Produce a faithful copy of the data, one that leaves out the pictures.

_Material provided_:
════
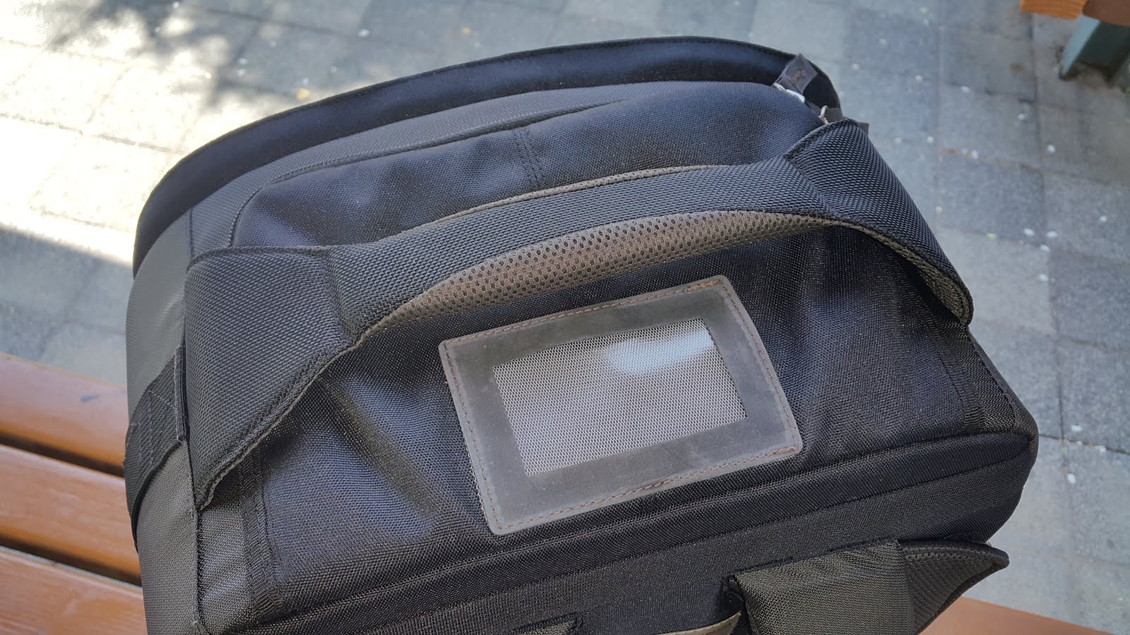 등쪽의 패드에 찍찍이로 가방끈을 넣을 수 있어서
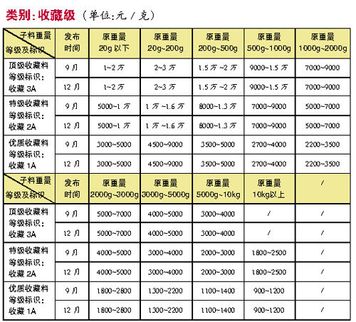 而对于和田玉白玉籽料的价格标准,马国钦特别谈到在媒体上经常出现的“一克和田玉籽料达两三万元”的表述。他认为,这样笼统的说法有误导性,甚至是愚弄公众,非常不负责任。“其实,‘一克两三万元’特指的是籽料原重量大小在20克~200克之间的顶级收藏籽料,直接可当最好的把玩件,所以价格最高。有些媒体将这一前提弃之不顾,把‘一克两三万元’套在任何大小的和田玉籽料上,甚至个别有不良用意之人把山料也用籽料的价格套算,结果谬之千里。比如5公斤、10公斤重的特级收藏料远远达不到这么高的单价,通常是一克几千元,与20克~200克的顶级收藏料单价相差很多倍。而20克以下的和田玉籽料由于重量轻、体积小,难以加工成把玩件或佩戴饰物,也会影响其价值。我们是根据市场的实际交易规律来发布每一季度的参考价格的,不可能一刀切。目前,和田玉(白玉)籽料交易行情价格根据市场情况,按原重量可划分为20克以下、20克~200克、200克~500克、500克~1公斤、1公斤~2公斤、2公斤~5公斤、5公斤~10公斤,乃至10公斤以上的不同价格区间,非常贴近市场正常交易,具有很强的实用性,已对全国的和田玉市场起到了非常好的指导作用。”
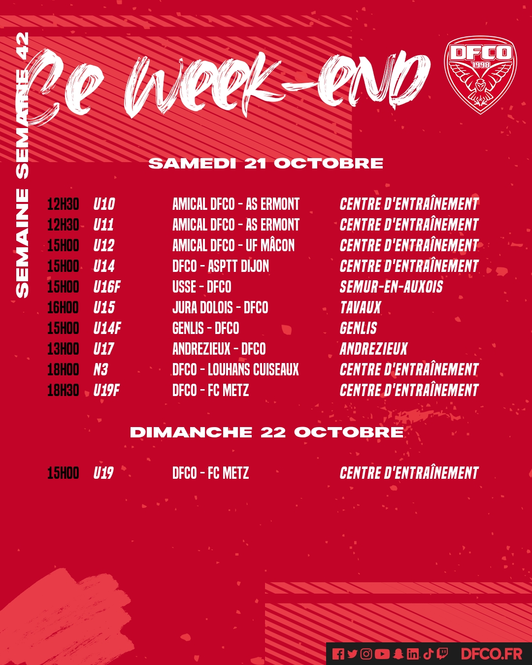A noter, du côté de la formation le déplacement à Andrezieux pour les U17 Nationaux samedi à 13h. Le même jour, la N3 recevra Louhans pour ce choc du haut de tableau à 18h. Les U19 Féminines seront opposées à Metz à 18h30 sur les terrains du centre d’entraînement.
════
_Exercise result_:
 등쪽의 패드에 찍찍이로 가방끈을 넣을 수 있어서
 而对于和田玉白玉籽料的价格标准,马国钦特别谈到在媒体上经常出现的“一克和田玉籽料达两三万元”的表述。他认为,这样笼统的说法有误导性,甚至是愚弄公众,非常不负责任。“其实,‘一克两三万元’特指的是籽料原重量大小在20克~200克之间的顶级收藏籽料,直接可当最好的把玩件,所以价格最高。有些媒体将这一前提弃之不顾,把‘一克两三万元’套在任何大小的和田玉籽料上,甚至个别有不良用意之人把山料也用籽料的价格套算,结果谬之千里。比如5公斤、10公斤重的特级收藏料远远达不到这么高的单价,通常是一克几千元,与20克~200克的顶级收藏料单价相差很多倍。而20克以下的和田玉籽料由于重量轻、体积小,难以加工成把玩件或佩戴饰物,也会影响其价值。我们是根据市场的实际交易规律来发布每一季度的参考价格的,不可能一刀切。目前,和田玉(白玉)籽料交易行情价格根据市场情况,按原重量可划分为20克以下、20克~200克、200克~500克、500克~1公斤、1公斤~2公斤、2公斤~5公斤、5公斤~10公斤,乃至10公斤以上的不同价格区间,非常贴近市场正常交易,具有很强的实用性,已对全国的和田玉市场起到了非常好的指导作用。”
A noter, du côté de la formation le déplacement à Andrezieux pour les U17 Nationaux samedi à 13h. Le même jour, la N3 recevra Louhans pour ce choc du haut de tableau à 18h. Les U19 Féminines seront opposées à Metz à 18h30 sur les terrains du centre d’entraînement.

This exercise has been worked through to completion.